И как часто, к сожалению, совсем не тем, чем хотел, вынужден был он заниматься!
…Когда он свыкся с мыслью, что ему все-таки придется писать «Страшный суд», когда он вновь — после стольких лет — очутился на своем помосте один на один с гигантской белой стеной, в которую он должен был вдохнуть жизнь, Микеланджело, как и в прежние годы, снова оказался сам у себя в плену. С неистовым запалом, который трудно было заподозрить в этом больном и раздражительном старике, принялся он за работу, как всегда, один, отвергнув и на этот раз резко и решительно все предложения о помощи. Да и кто, собственно, мог ему помочь — мыслителю и творцу?
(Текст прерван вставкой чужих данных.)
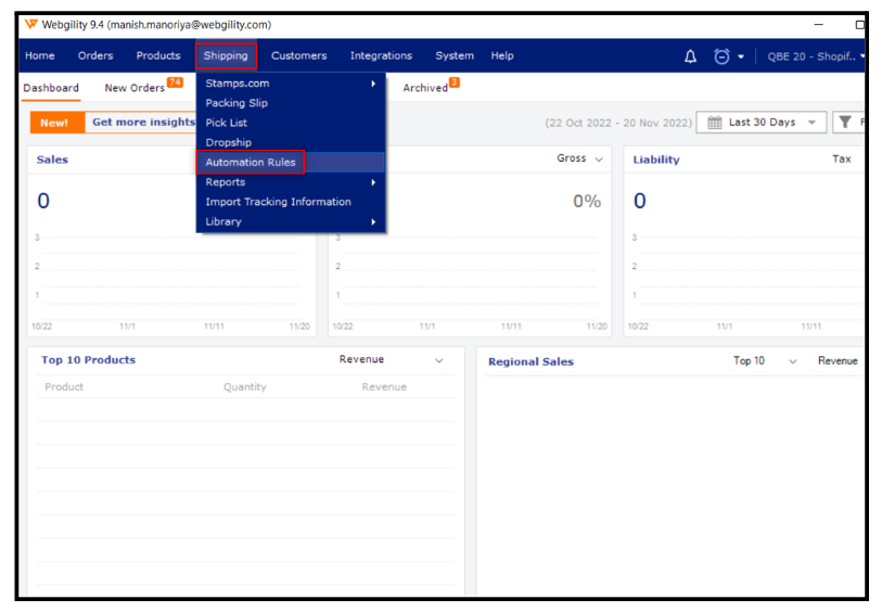 Click on the Shipping tab and then click on the Automation Rule.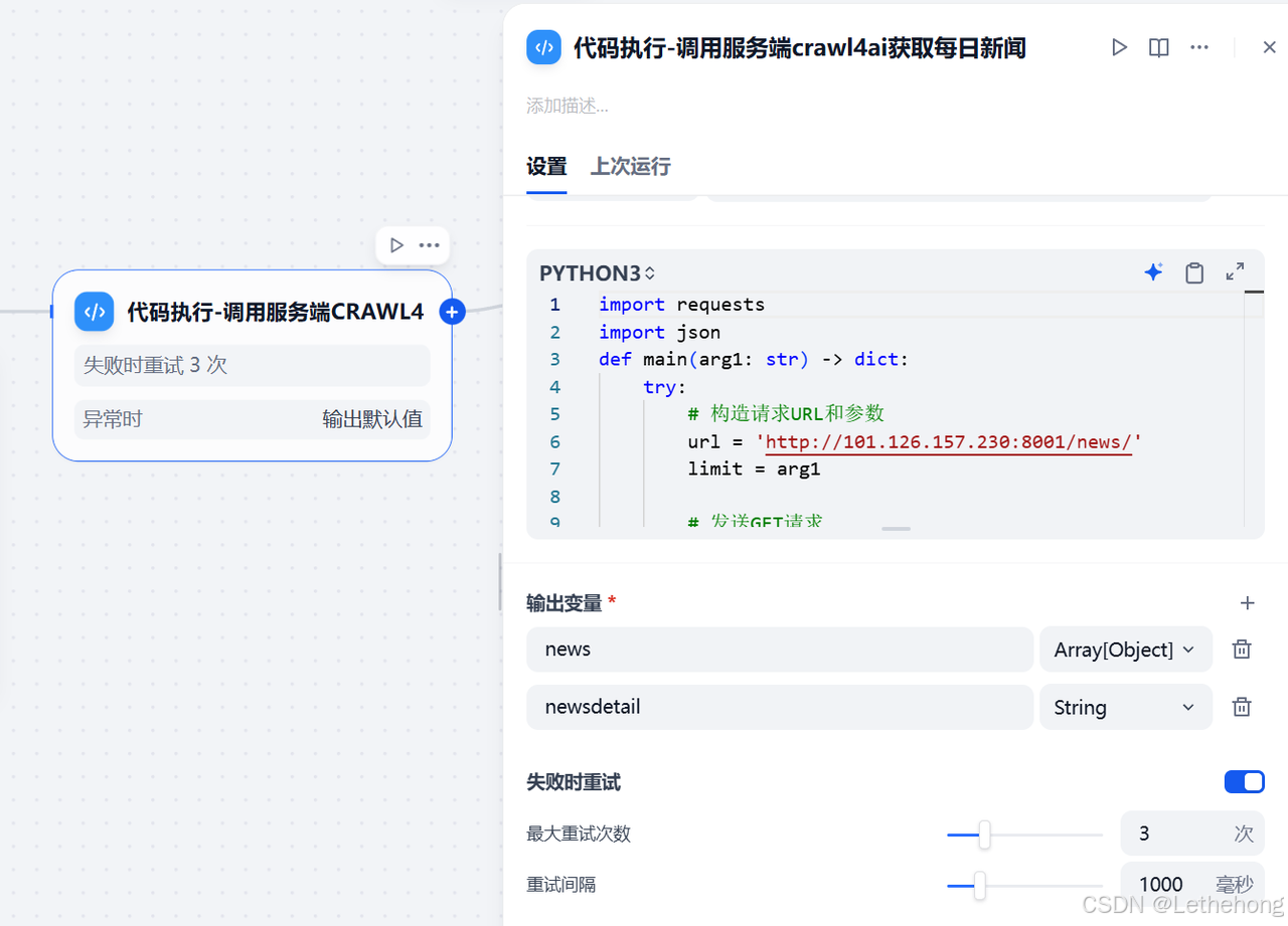 代码节点:调用服务端 crawl4ai 获取新闻数据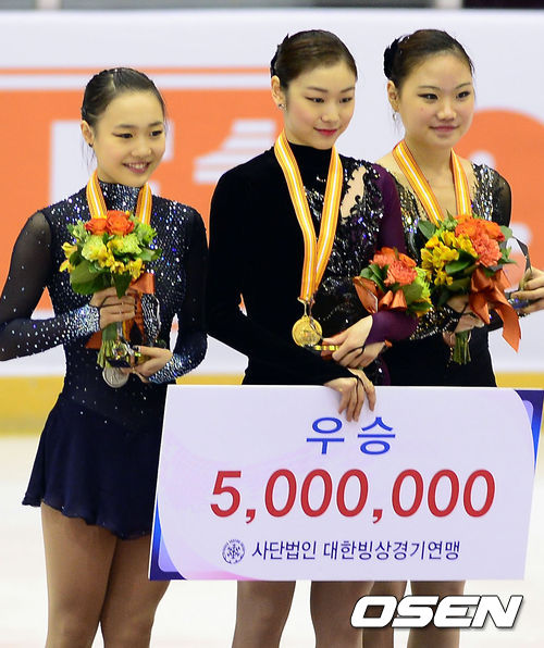 김연아는 5일 고양 어울림누리 얼음마루 빙상장에서 열린 제68회 전국남녀피겨스케이팅종합선수권대회 'KB금융 코리아피겨스케이팅챔피언십 2014' 여자 싱글 프리스케이팅서 기술점수(TES) 70.05점 예술점수(PCS) 77.21점을 받아 합계 147.26점을 기록, 전날 쇼트프로그램 점수 80.60점을 더한 227.86점을 받아 우승을 차지했다. 이날 김연아가 기록한 점수는 2010 밴쿠버동계올림픽 당시 228.56점 이후 개인통산 역대 2번째로 높은 점수다.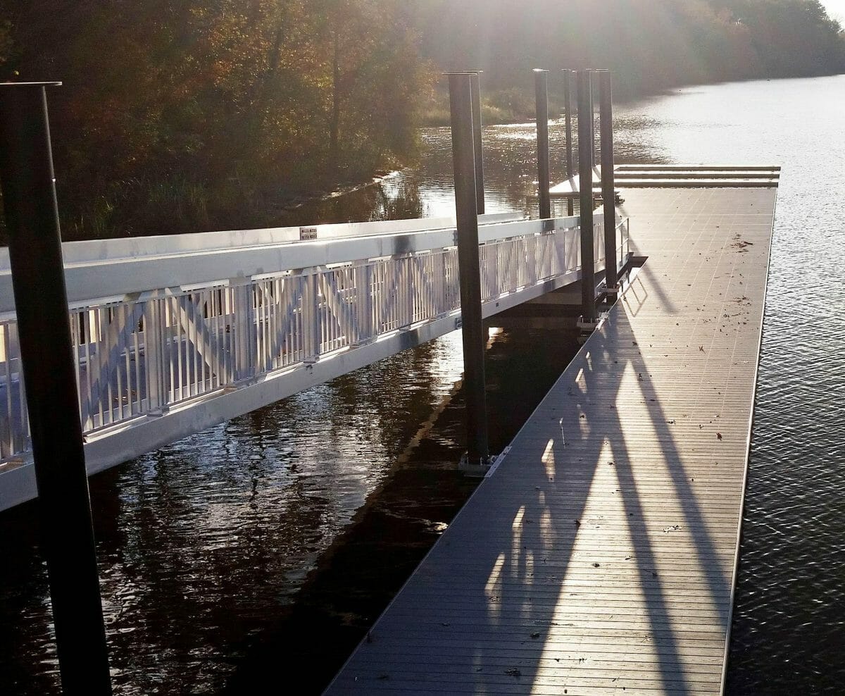 In anticipation of potential water fluctuations, the use of hoop roller brackets to attach the massive floating dock to new steel pilings is a testament to AccuDock’s attention to detail. A transition plate and additional hand railings on the gangway enhance safety and provide easy access for up to two coxed 8’s at a time. This project is a reflection of our dedication to creating tailor-made solutions for rowing facilities.

Бывают ли помощники у поэтов? Есть ли они у философов? Он должен был решать все сам так, как подсказывали ему его ум, его совесть.
Он знал: времена меняются. Все меньше защитников прав человека, защитников рубежей свободы оставалось в цитадели Возрождения. Свободолюбивый дух был не в чести: о том, что человек — игрушка в руках господа, все чаще стремились теперь напомнить те, кто объявил себя представителями Христа на земле. О том, что все в воле господней, что нельзя преступать завещанное им!

…Дни и ночи, как некогда в молодости, проводит Микеланджело в капелле. Он ест второпях, он спит по три-четыре часа в сутки.
Проходит тысяча пятьсот тридцать шестой год, тысяча пятьсот тридцать седьмой, тысяча пятьсот тридцать восьмой… И даже случившееся с ним в тысяча пятьсот тридцать девятом году несчастье — он упал с лесов и повредил ногу — лишь ненадолго заставило Микеланджело оторваться от работы.
Шесть лет понадобилось великому мастеру, чтобы завершить свое творение.
Вход в капеллу был запрещен всем. В том числе и папе. Впрочем, Павел и не пытался нарушить этот запрет.
8
Современникам казалось, что Микеланджело превзошел сам себя — так, во всяком случае, утверждал впоследствии Вазари, ученик и биограф художника.
…В ней все в движении, в этой картине, и не сразу охватишь глазом ее бесчисленных персонажей. Здесь и толпы грешников, в неистовом сплетении тел влекомых в подземелья ада, и возносящиеся к небу ликующие праведники, и сонмы ангелов и архангелов, и Харон, перевозчик душ через подземную реку, и Христос, вершащий свой гневный суд, и боязливо прижавшаяся к нему дева Мария. Здесь сподвижники Христа — апостолы, здесь горе и мрак, здесь зло и добро. Титаническим страстям соответствовали и титанические фигуры, в бесконечно разнообразных позах, в движении, исполненные такой психологической глубины, которой до этого не знал, пожалуй, старый мастер.